When surprise at-large entrant UCLA popped up as a No. 11 seed in the South Region, the anxiety surely increased for other NCAA tournament hopefuls across the nation.
The unexpected inclusion of the Bruins ensured that at least one at-large candidate expected to make the NCAA tournament was going to have its bubble burst.
UCLA made the field despite a 2-8 record in road games and only four wins against opponents ranked in the RPI top 100. Quality home wins against Utah and Oregon obviously helped, as did a strong non-conference schedule and an impressive showing in a Pac-12 tournament semifinal loss against Arizona.
"As we tracked UCLA over the last month or so, we felt like they were gaining steam," selection committee chairman Scott Barnes said. "They did have a good strength of schedule. They were playing better against tough competition, especially their last game against Arizona."
There are a handful of teams that can make a strong argument they had a better profile than UCLA and a comparable profile to some of the other hotly debated at-large selections such as Ole Miss, Boise State, BYU and Texas. Here's a look at Selection Sunday's biggest snubs:
Temple (23-10, 13-5 AAC): The team with the biggest gripe is probably Temple, which has been a fixture in most mock brackets for weeks. The Owls throttled Kansas 77-52 on Dec. 22 and performed well in the American Athletic Conference, going 13-5 including a victory over Cincinnati and a sweep of middling UConn and Memphis. The lack of depth in the AAC probably hurt Temple, as did a non-conference loss to a pretty bad Saint Joseph's team. Nonetheless, it's a surprise the Owls aren't in the field.
Colorado State (27-6, 13-5 MWC): The committee apparently didn't buy that Colorado State was as good as its No. 28 RPI suggests. The Rams may have a point too since they only defeated five RPI top 100 teams all season. Their best non-league wins came against Georgia State, UTEP and Colorado. They also split with Mountain West co-champs Boise State and San Diego State in league play. Colorado State had hoped that its lack of bad losses would be a selling point, but it didn't happen. It also probably didn't help the Rams that Wyoming won the Mountain West tournament, meaning the league would have had to get four bids for Colorado State to make it.
Miami (21-12, 10-8 ACC): A 90-74 shellacking of Duke in Durham apparently couldn't overshadow the many warts on Miami's profile. The Hurricanes did have a road win at Syracuse, a home win over N.C. State and a victory against fringe bubble team Illinois, but those victories were weighed down by a couple of dreadful losses. NCAA tournament teams don't typically lose by 28 against Eastern Kentucky and by 13 against Green Bay. League losses against Wake Forest and Georgia Tech weren't any better.
Murray State (27-5, 16-0 OVC): A team that didn't lose between late-November and early-March still had minimal hope of making the NCAA tournament.
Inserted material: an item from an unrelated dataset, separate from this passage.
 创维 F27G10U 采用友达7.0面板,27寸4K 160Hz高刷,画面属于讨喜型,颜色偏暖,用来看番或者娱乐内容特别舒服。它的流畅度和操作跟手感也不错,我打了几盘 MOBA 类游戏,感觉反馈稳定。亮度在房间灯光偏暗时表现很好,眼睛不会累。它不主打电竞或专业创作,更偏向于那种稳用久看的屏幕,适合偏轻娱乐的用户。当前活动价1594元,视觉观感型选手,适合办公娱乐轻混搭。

Murray State let that chance slip away when it lost to Belmont in a thrilling Ohio Valley Conference title game, costing itself the league's automatic bid. Even though there was a groundswell of support for Murray State to get in over a middling double-digit loss team from a power conference, the committee would have had to abandon its usual criteria to reward the Racers. Murray State only had one victory against an opponent in the RPI top 100 and that came against NIT-bound Illinois State. The Racers lost by 27 against Xavier and also suffered damaging November losses against Houston and Portland.